[To do] Nothing but the lines from the one with "山东济南历下公安分局表示:2" through the final line of the entries should appear in the answer, copied exactly and without pictures.

[Data under study]

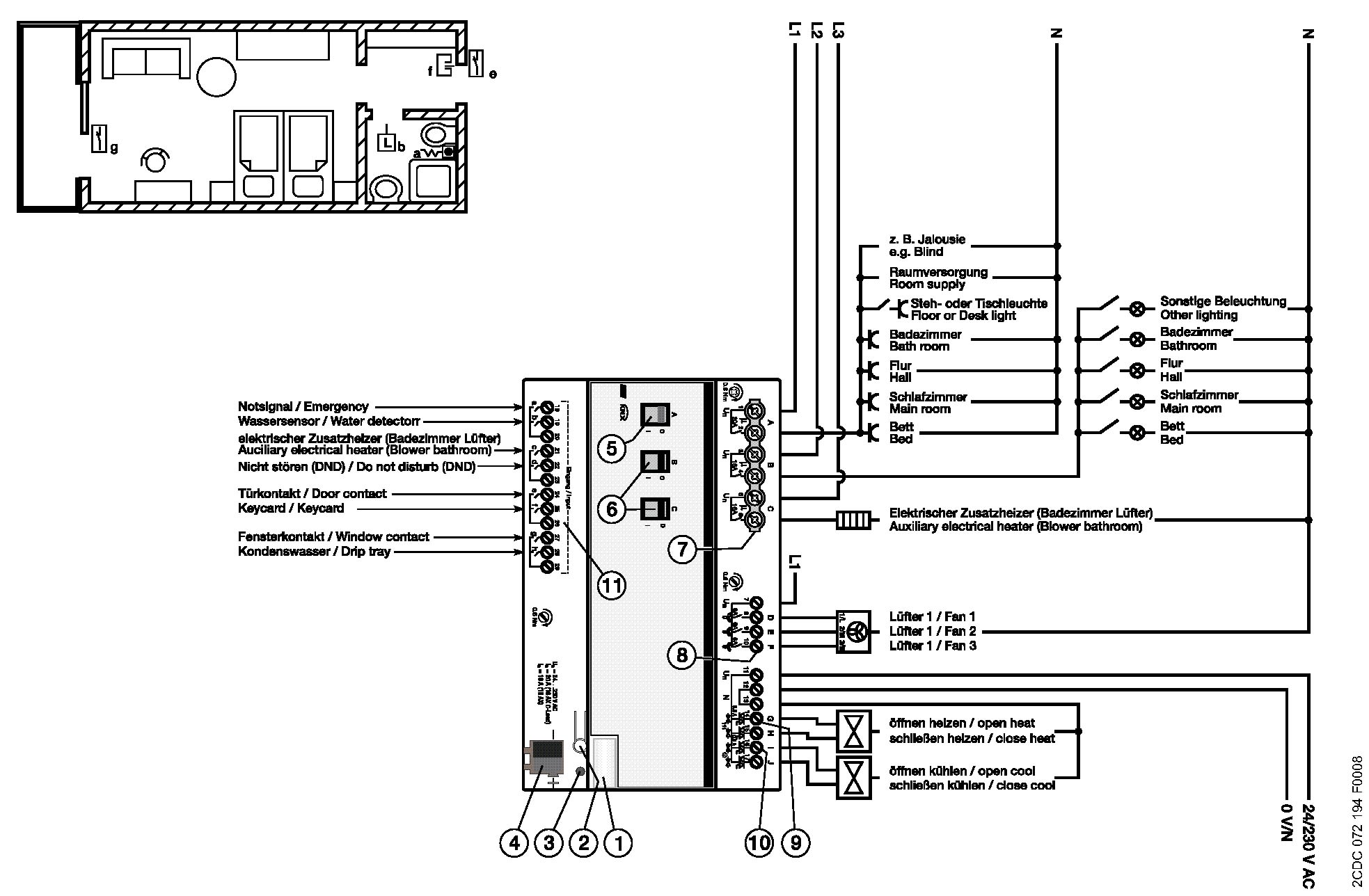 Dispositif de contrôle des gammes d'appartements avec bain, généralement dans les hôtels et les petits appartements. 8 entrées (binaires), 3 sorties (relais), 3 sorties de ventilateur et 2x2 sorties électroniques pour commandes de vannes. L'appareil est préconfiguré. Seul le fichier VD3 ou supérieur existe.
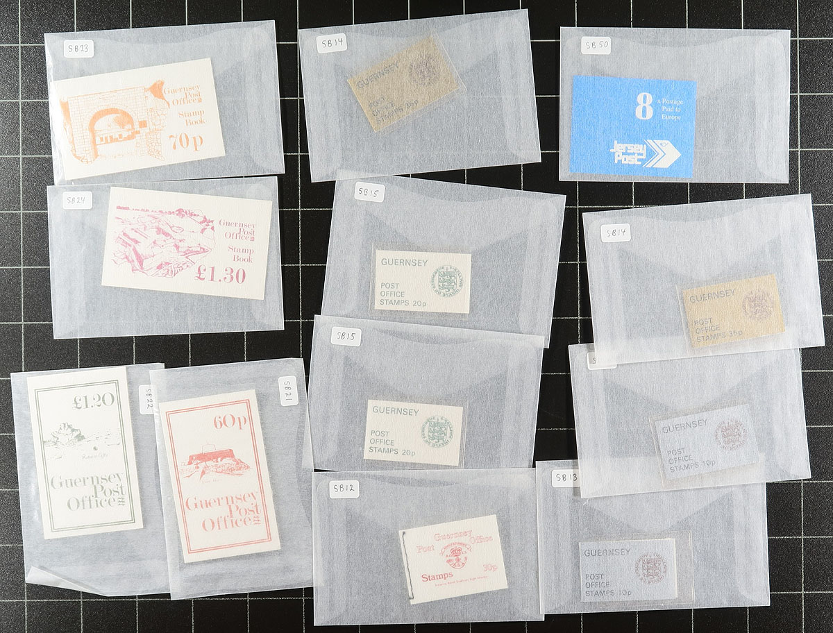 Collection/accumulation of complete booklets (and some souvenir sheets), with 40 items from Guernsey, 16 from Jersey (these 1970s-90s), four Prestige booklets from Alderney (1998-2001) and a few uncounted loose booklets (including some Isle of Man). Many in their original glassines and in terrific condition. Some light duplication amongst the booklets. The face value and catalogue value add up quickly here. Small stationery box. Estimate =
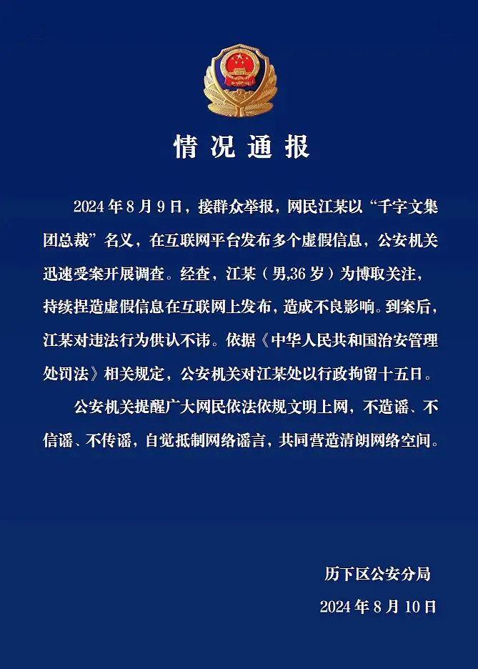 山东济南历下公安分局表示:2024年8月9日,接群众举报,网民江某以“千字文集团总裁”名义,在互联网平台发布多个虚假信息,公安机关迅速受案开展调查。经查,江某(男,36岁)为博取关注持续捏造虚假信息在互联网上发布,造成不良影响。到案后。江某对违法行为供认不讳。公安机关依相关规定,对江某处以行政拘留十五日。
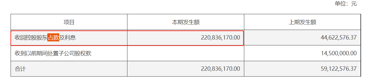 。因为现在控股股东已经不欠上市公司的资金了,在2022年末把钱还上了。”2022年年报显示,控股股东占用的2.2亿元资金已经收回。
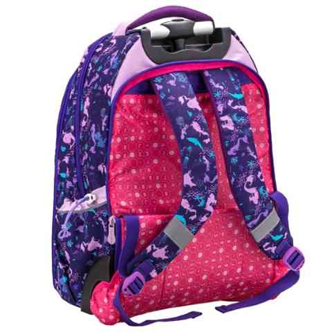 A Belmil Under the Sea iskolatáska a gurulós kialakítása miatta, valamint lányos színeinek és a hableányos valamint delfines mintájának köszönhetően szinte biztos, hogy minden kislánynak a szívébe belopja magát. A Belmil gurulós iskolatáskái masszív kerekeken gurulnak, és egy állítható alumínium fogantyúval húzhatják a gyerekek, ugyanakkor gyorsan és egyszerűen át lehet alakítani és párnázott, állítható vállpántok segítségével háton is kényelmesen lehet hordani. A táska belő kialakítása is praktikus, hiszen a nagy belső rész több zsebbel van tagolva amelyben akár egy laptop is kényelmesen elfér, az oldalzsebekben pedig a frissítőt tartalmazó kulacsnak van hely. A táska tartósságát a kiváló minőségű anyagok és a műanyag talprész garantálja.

[Solution]
 山东济南历下公安分局表示:2024年8月9日,接群众举报,网民江某以“千字文集团总裁”名义,在互联网平台发布多个虚假信息,公安机关迅速受案开展调查。经查,江某(男,36岁)为博取关注持续捏造虚假信息在互联网上发布,造成不良影响。到案后。江某对违法行为供认不讳。公安机关依相关规定,对江某处以行政拘留十五日。
 。因为现在控股股东已经不欠上市公司的资金了,在2022年末把钱还上了。”2022年年报显示,控股股东占用的2.2亿元资金已经收回。
 A Belmil Under the Sea iskolatáska a gurulós kialakítása miatta, valamint lányos színeinek és a hableányos valamint delfines mintájának köszönhetően szinte biztos, hogy minden kislánynak a szívébe belopja magát. A Belmil gurulós iskolatáskái masszív kerekeken gurulnak, és egy állítható alumínium fogantyúval húzhatják a gyerekek, ugyanakkor gyorsan és egyszerűen át lehet alakítani és párnázott, állítható vállpántok segítségével háton is kényelmesen lehet hordani. A táska belő kialakítása is praktikus, hiszen a nagy belső rész több zsebbel van tagolva amelyben akár egy laptop is kényelmesen elfér, az oldalzsebekben pedig a frissítőt tartalmazó kulacsnak van hely. A táska tartósságát a kiváló minőségű anyagok és a műanyag talprész garantálja.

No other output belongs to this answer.